2
votes

I am working with a data-set of dimension more than 10,000. To use Weka I need to convert text file into ARFF format, but since there are too many attributes even after using sparse ARFF format file size is too large. Is there any similar method as for data to avoid writing so many attribute identifier as in header of ARFF file.

for example :
@attribute A1 NUMERICAL
@attribute A2 NUMERICAL
...
...
@attribute A10000 NUMERICAL

1
Maximum number of attributes supported by WEKA. Is this a problem related to creating an arff file (in which case sed or awk might help) or dealing with it directly in weka?chl
@chl Thanks for the response, I am able to generate the arff file but the file size is very large because I have 1,84,000 attributes. I was wondering if there is any method for avoiding adding so many headers in arff file.
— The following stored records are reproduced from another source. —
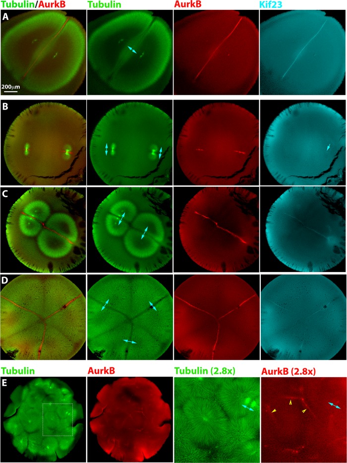 FIGURE 2: Localization of furrow-inducing protein complexes in polyspermic eggs. Eggs were fixed between first mitosis and first cleavage, stained for AurkB (a subunit of the CPC) and Kif23 (a subunit of Centralspindlin), and imaged by confocal microscopy. Cyan double-headed arrows illustrate sister aster pairs. (A) Normal, monospermic egg. Note plane of CPC- and Centralspindlin-positive microtubule bundles between sister asters. (B) Bispermic egg fixed a few minutes after anaphase onset. The asters have just started to grow. A CPC-positive disk is evident at the plane previously occupied by the metaphase plate, where sister asters recently met. Centralspindlin recruitment is less evident (cyan single arrow in Kif23 image). (C) Bispermic egg fixed midway between anaphase and cleavage. Interaction zones between sister and nonsister asters were evident in the tubulin image. Note a brighter tuft of microtubules that connects the sister pair to the upper left, in register with the centrosomes. This midzone-like morphological marker reveals the previous position of the spindle and was used to identify sister aster pairs in microtubule images. CPC and Centralspindlin have been recruited to the interaction zone between sister asters but not to the zone between nonsister asters. (D) Egg with four sperm fixed early in cleavage. Cleavage has initiated near the animal pole (not shown). This image shows a focal plane near the equator, where three aster pairs are visible. Furrowing had not yet occurred in this focal plane, but asters had grown all the way to the cortex. Note selective recruitment of CPC and Centralspindlin to zones between sister asters. (E) Highly polyspermic egg fixed early in cleavage. The region presented at higher magnification shows a single aster with CPC-positive zones at the junction with several neighboring asters (yellow arrowheads). None of these are zones with its sister aster, which is in a different z-plane. |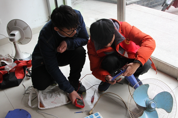 參加公益維修志愿服務(wù)的同學(xué)們?cè)诰游瘯?huì)和關(guān)工委王方大老師的安排下,熱情接待前來維修家電的社區(qū)群眾。在整個(gè)義務(wù)維修活動(dòng)中,共維修多件電飯鍋、錄音機(jī)、收音機(jī)、電風(fēng)扇等故障電器。志愿者們?cè)谥笇?dǎo)老師的指導(dǎo)下,進(jìn)行現(xiàn)場(chǎng)“會(huì)診”維修,并對(duì)癥“下藥”。居民們見自己的小家電又恢復(fù)了正常,臉上露出了喜悅的笑容,前來維修家電的群眾對(duì)同學(xué)們的志愿服務(wù)贊不絕口,同學(xué)們獲得了社會(huì)這個(gè)大課堂所帶來的不一樣的專業(yè)知識(shí)的鍛煉。
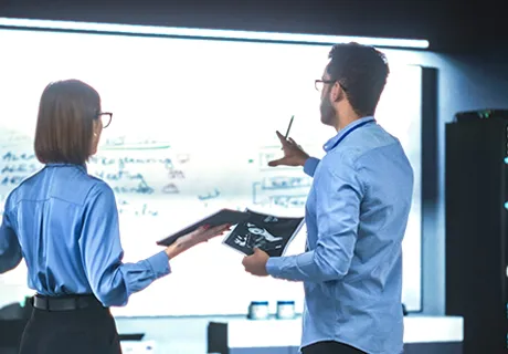 RICOH Collaboration Board Cloud*を使い、自社内だけではなくお客様や取引先など、離れた拠点間でもリアルタイムに板書の共有が可能。

All attributes are NUMERICAL, so I thought there might be a way.Deepak

1 Answers

0
votes

I coded a script in AWK to format the following lines (in a TXT file) to an ARFF

example.txt source:

Att_0 | Att_1 | Att_2 | ... | Att_n
1 | 2 | 3 | ... | 999

My script (to_arff), you can change FS value depending on the separator used in the TXT file:

#!/usr/bin/awk -f
# ./<script>.awk data.txt > data.arff

BEGIN {
    FS = "|";
    # WEKA separator
    separator = ",";
}

# The first line
NR == 1 {
    # WEKA headers
        split(FILENAME, relation, ".");
        # the relation's name is the source file's name
    print "@RELATION "relation[1]"\n";
    # attributes are "numeric" by default
    # types available: numeric, <nominal> {n1, n2, ..., nN}, string and date [<date-format>]
    for (i = 1; i <= NF; i++) {
        print "@ATTRIBUTE "$i" NUMERIC";
    }
    print "\n@DATA";
}

NR > 1 {
    s = "";
    first = 1;
    for (i = 1; i <= NF; i++) {
        if (first)
            first = 0;
        else
            s = s separator;
        s = s $i;
    }
    print s;
}

Output:

@RELATION example

@ATTRIBUTE Att_0 NUMERIC
@ATTRIBUTE Att_1 NUMERIC
@ATTRIBUTE Att_2 NUMERIC
@ATTRIBUTE Att_n NUMERIC

@DATA
1,2,3,9999